Peter McIntyre was a cantankerous old miner who opened a ramshackle and remote gas station on Highway 91 at the Nevada-California state line, 40 miles southwest of Las Vegas, in the 1920s. He did sell gasoline, but there was so little traffic that he supplemented his income by operating a whiskey still, rumored to be in a cave across the road from the gas station. Pete was hard to miss in his 10-gallon hat, with two six-shooters strapped around his waist. It's said that he subtly advertised his illegal wares with the name Whiskey Pete's on the gas station sign.
Pete told his pals that when he died, he wanted to be buried standing up, facing the highway, hat on his head and guns in his belt, with a gallon of whiskey at his feet. His friends tried to accommodate Pete's wishes, but they were on death's door themselves and the desert defeated the letter of the request, though they apparently managed to fulfill the spirit of it -- by burying him in a slightly tilted grave (or so we've read), although accounts vary with regard to the whiskey: Some say he was found with an empty bottle in his lap; others say he wasn't.
The gas station was bought and sold several times after Pete died of miner's lung in 1933. But just the Mobil station existed at the state line when Ernie Primm arrived in the 1950s and filed a claim for the water rights on 400 acres in the vicinity. After satisfying the Bureau of Land Management's homesteading requirements, Primm expanded the gas station, added a 12-room motel, and opened a bar with slot machines. The business kept growing, until the Primms opened Whiskey Pete’s in 1977, the first of three casinos destined for State Line. The name wasn't changed to Primm until 1996, however, a decision that was made in order to avoid confusion with Stateline in northern Nevada.
From the start, Whiskey Pete’s Hotel-Casino was meant to be a highly visible landmark, with soaring towers and a castle exterior, even though the interior theme has always been strictly wild wild west.
Castles in the west aren’t particularly unusual. It’s possible that the Primms modeled their casino, to a certain extent, on Scotty’s Castle at Death Valley Ranch, 60 miles northwest in Death Valley National Park. There’s also the Hearst Castle in San Simeon, Calif., Vikingsholm Castle at Emerald Bay, Lake Tahoe, and dozens of others in California alone (check out dupontcastle.com/castles for thousands of examples all over the U.S., if castles are your thing).
Whiskey Pete’s castle theme also lends itself to marketing hyperbole, of course, such as "amenities fit for a king."

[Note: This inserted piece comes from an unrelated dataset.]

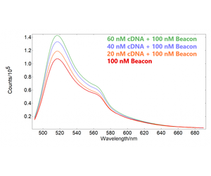 The fluorescence spectra of the four solutions after incubation were measured sequentially and shown in Figure 6. The SC-27 enables the automated measurement of four samples with the same measurement parameters. It can be seen that the molecular beacon only solution shows its characteristic emission even without any presence of cDNA, which is due to a small amount of the fluorophore being free in the solution. As the concentration of cDNA is increased, the fluorescence intensity increases due to beacons hybridizing with the cDNA and the fluorophores on the beacon becoming unquenched.

In 1994, construction workers uncovered a grave site while working across the road from the casino; reportedly, it was Whiskey Pete himself. The accidentally exhumed body was moved to a new resting place and Pete is now said to be buried in one of the caves where he formerly cooked up his moonshine. Primm marketing materials claim that the his ghost continues to watch over the property. If so, he's no doubt a little amazed at the 12 million gallons of gas the Mobil and Unocal stations pump every year, not to mention the three casinos, roller coaster, Ferris wheel, factory outlet mall, and a recently upgraded convenience store -- situated in California -- that sets records year after year for the number of California lottery tickets it sells (on account of Nevada not having a state lottery).